A likely candidate is the Open Provenance Model Vocabulary (OPMV). There is also a W3C working group on provenance on the web: I haven’t looked at their work in detail yet but it’s on my to-do list.
15) What is the best way of notifying users of updates?
To start with, just ensure we have the last modified date in the graph metadata, then clients can check back regularly to see if there is anything new. Later, it would be useful to add some kind of subscription based update feed, probably using ATOM or RSS.
Other questions: governance and validation
Andy Jackson and Barbara Sierman have raised questions in the past about governance of publishing processes and validation of the contents of representation information registries.
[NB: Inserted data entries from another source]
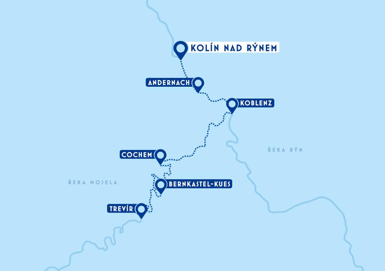 - Kolín nad Rýnem - Cochem - Trevír - Bernkastel-Kues - Koblenz -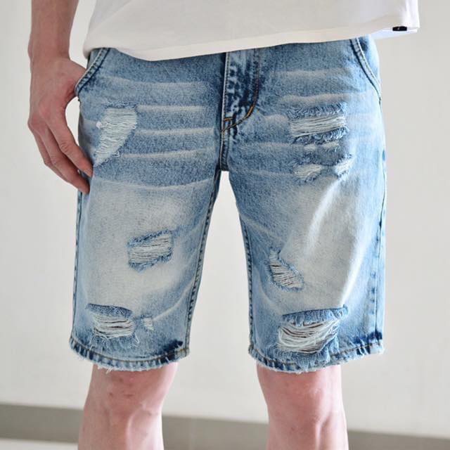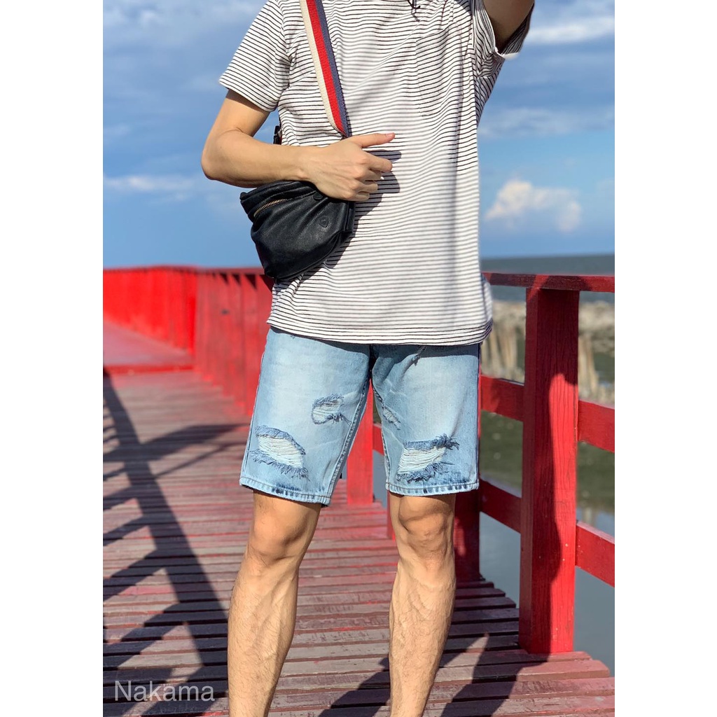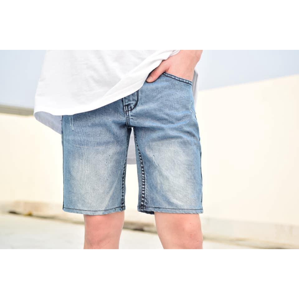 กางเกงยีนส์ขาสั้นผู้ชาย ผ้ายีนส์ฟอก ไสตล์เกาหลี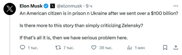 Товарищ Илон Маск обеспокоился судьбой американского гражданина Гонсало Лиры и написал в своей Х-сети: "После того как мы отправили Украине сто миллиардов долларов, они еще и посадили в тюрьму американца? Может, дело не только в критике Зеленского? Потому что если только в ней, тогда у нас большие проблемы".
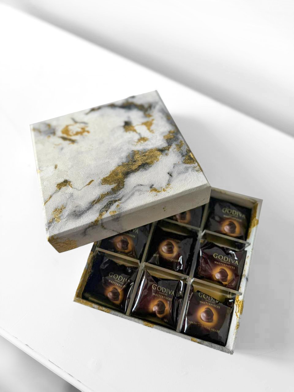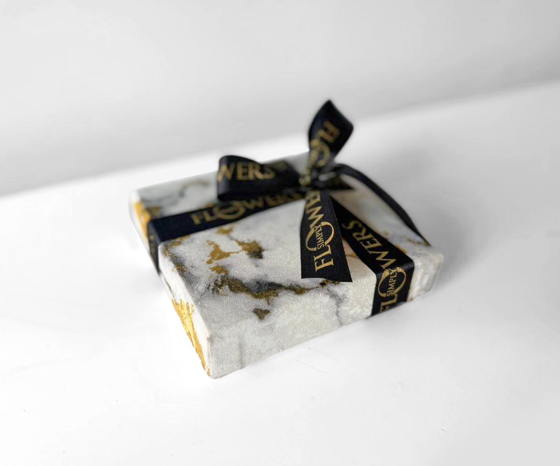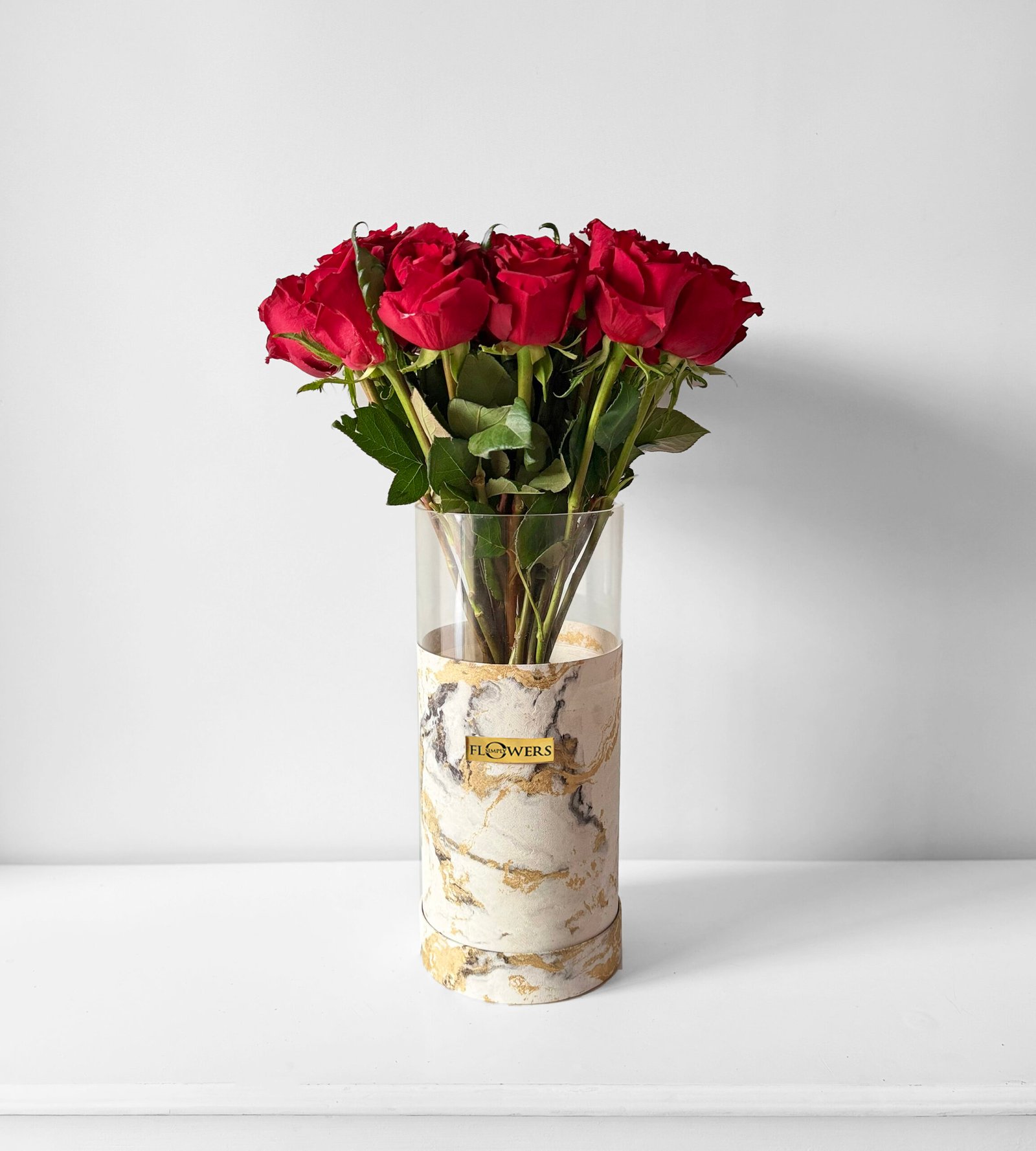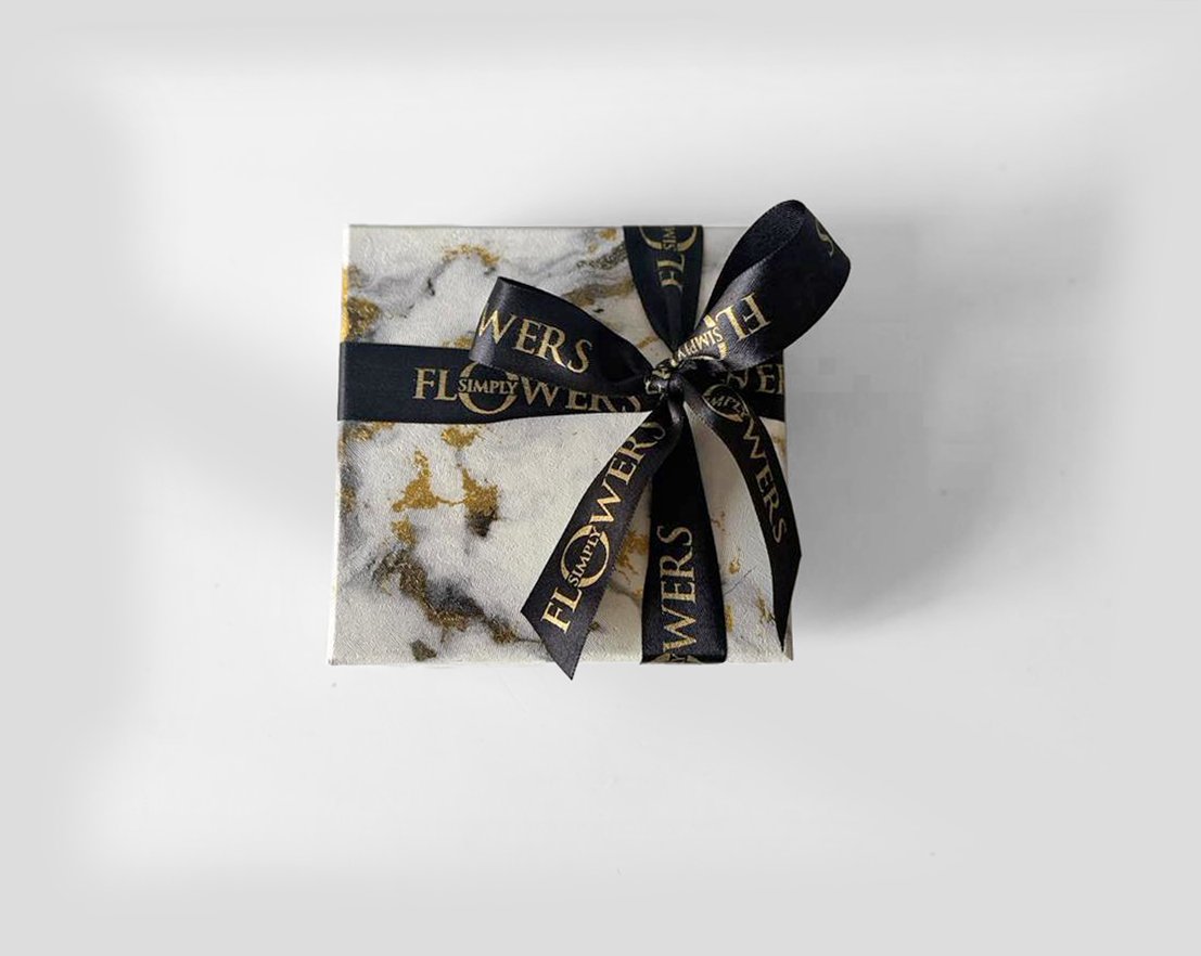 30 red roses in our signature marble print hat box with a complimentary balloon

These are essentially questions about trust: how does a user of a registry decide whether or not to trust the information.
The main focus of this discussion is on how to agree some publishing guidelines – so some aspects of governance are out of scope, but the decision on what information to publish does have a bearing on trust. What information should be included on how a particular piece of information was arrived at? What process of testing was applied? What information might the user need to reproduce the tests him/herself?
As Andy points out, there is a big difference between creating trust and transmitting trust. Creating trust requires evidence that the published information has been validated. With a registry, mainly we can transmit rather than create trust, but we could design guidelines such as these to encourage thorough validation to be carried out and made available.
How best to actually do that validation is a complicated question – let’s leave it for another day.